宇文鹭和宇文嫣皆是十几岁少女,素闻这杨复光如何阴险如何奸诈,传闻之中仿若厉鬼一般,这一见面那想到与心中所想相差甚远,这杨复光姿态虽然傲慢一些,然而并无如传说中妖魔鬼怪一般可恶呀。宇文鹭顿时敌意稍减,说:“既然知道我们来了京城,自然是知道我们所来何事了,你和那个田令孜这奸臣可是一伙的?”
杨复光闻言哈哈大笑说:“老奴如何像田令孜这奴才?”宇文鹭嘻嘻笑说:“我爹爹说做宦官的都是一条裤子的蛔虫,一门心思就是要害人。”宇文鹭说完,忽然一努嘴说:“若是你也祸害人,可小心本姑娘了,我可不轻易饶你。”
此时,在马路之上兵马并道不前,这官道便拥堵下来,只是一条大道无人敢出声,之听到杨复光和宇文鹭一老一少有说有笑,其他人均是吊在了嗓门之上。这时,只见后面忽然有人问道:“是那家侯爷在此阻道?”及至上前看见一个斗大的杨字旗号,那出声之人赶紧住口不言。只见路上堵住无数官家商贾,一看杨字大旗畏如蛇蝎,只好在后面等着,足见杨复光在帝都权势。
杨复光乃转头对叶臣都说:“你便是在灵鹫峰大败田令孜的飞芒派少年叶臣都?”叶臣都乃谦虚说:“田令孜武功深不可测,臣都乃是敢说大败其人?田总管乃是败在了我师兄之手。”杨复光闻言哈哈一笑说:“清风道长乃是一代奇人,当年我和道长在宫中药鼎司曾经又数面之缘,不想一去数十年,未知故人安好?”

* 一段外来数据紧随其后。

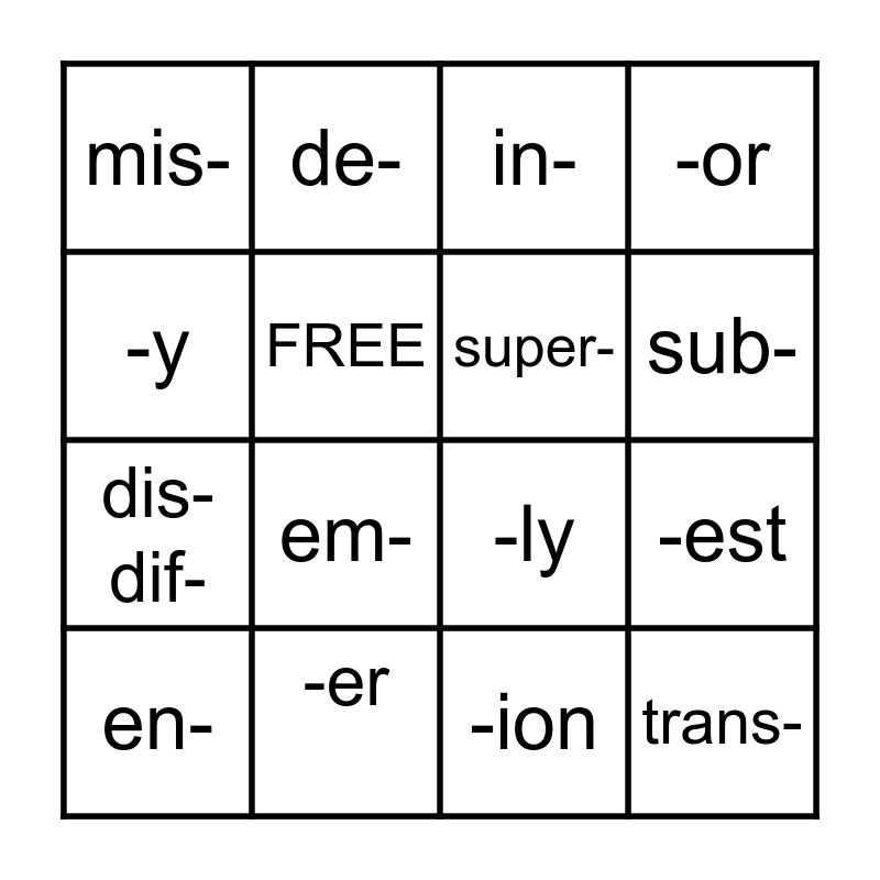 This bingo card has 16 words: -er, -est, in-, mis-, dis- dif-, de-, -ly, -ion, -y, FREE, en-, -or, em-, sub-, super- and trans-.

原来清风道长少年时曾经在宫中药鼎司任职,后来才出走江湖。叶臣都未曾想到杨复光竟然与师兄认得,于是抱拳说:“师兄在出云观不问世事多年,若非这次臣都闯下大祸,师兄又怎么会出来抛头露面?”杨复恭嘻嘻笑说:“故人如今看破俗世之事,难怪他老人家一门心思只是在炼药求生之道,可不像我等凡夫俗子,看来看去却是看不透。”杨复恭说完,忽然顺势,滑落下来,正好落在叶臣都面前,这份功力竟然落地无声,毫尘未起,端的是惊人。
初时王建和鹿晏弘尚且是担心叶臣都顶撞了杨复光,带来杀身之祸,那里想到这二人竟然越说越是近乎,仿若是旧曾相识似得,两人互相看了一眼,一颗心总算是放下了。王建乃过来恭喜说:“恭喜叶老弟。”叶臣都一愣,说:“何喜之有?”王建嘻嘻笑说:“得遇师兄故人其喜之一也,能结交上杨大人其喜之二也!”宇文嫣却是嘴角微微一嘟,说:“我们可不稀罕攀上杨大人的干系,省得别人骂我们攀附权贵。”

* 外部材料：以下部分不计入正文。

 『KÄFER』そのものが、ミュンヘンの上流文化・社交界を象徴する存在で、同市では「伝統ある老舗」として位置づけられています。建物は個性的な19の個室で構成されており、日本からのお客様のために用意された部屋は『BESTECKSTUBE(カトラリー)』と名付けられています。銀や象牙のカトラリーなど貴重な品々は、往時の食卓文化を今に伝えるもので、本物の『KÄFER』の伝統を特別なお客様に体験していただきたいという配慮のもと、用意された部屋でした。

杨复光闻言哈哈大笑说:“要攀附我杨家的奴才若是要排队,那得从玄武门排到西门大街,老夫还不想受呢,你这小姑娘竟然不稀罕?”宇文嫣哼了一声说:“这有什么好稀罕的?我们宇文家也高攀不起。”
杨复光闻言阴阴笑说:“小姑娘倒是说得不错,这长安城多少王侯权贵想跟着老奴,我还看不上眼,这偏偏就和几位一见如故,若是几位不嫌弃这便回府去,庆祝一番,也好让老夫一尽地主之谊。”
叶臣都一听,心中暗自想:“这番前来京城相救宇文齐飞,难免要仰仗这些达官贵人,自己在京城可谓举目无亲,甚好这杨复光既然相邀,要好做了这顺水人情,管他呢。”宇文嫣和宇文鹭相互看了一眼,过来附着叶臣都小声说:“哥哥,这人阴险之极,还是少沾染他为好,省得被拖下水惹得一身臭气。”
叶臣都嘻嘻笑说:“我们这来的帝都也不人士几个人,伯父如今关在天牢之中,若是不得权势之人,实在是难于打探得到消息,这便好了,我们跟这老乌龟做了客,求点事情,这老乌龟能不帮忙?”二女也是觉得甚是有理,只是宇文嫣连连听的叶臣都骂这杨复光为老乌龟,不觉扑哧一声笑了出来。
这边王建和鹿晏弘和是悄悄对杨复光问道:“大人这便邀请这三人进了杨府,这便是明目张胆的和田令孜这厮过不去了。”杨复光哼了一声说:“我儿尽管放心便是,田令孜这厮自己武功深不可测,如今又网罗诸多江湖任务充斥神策军,狼子野心路人皆知,这少年乃是飞芒派之后,且不说这少年就是一大帮手,其师门和大唐渊源皆可利用。”王建和鹿晏弘闻言点头称是不已。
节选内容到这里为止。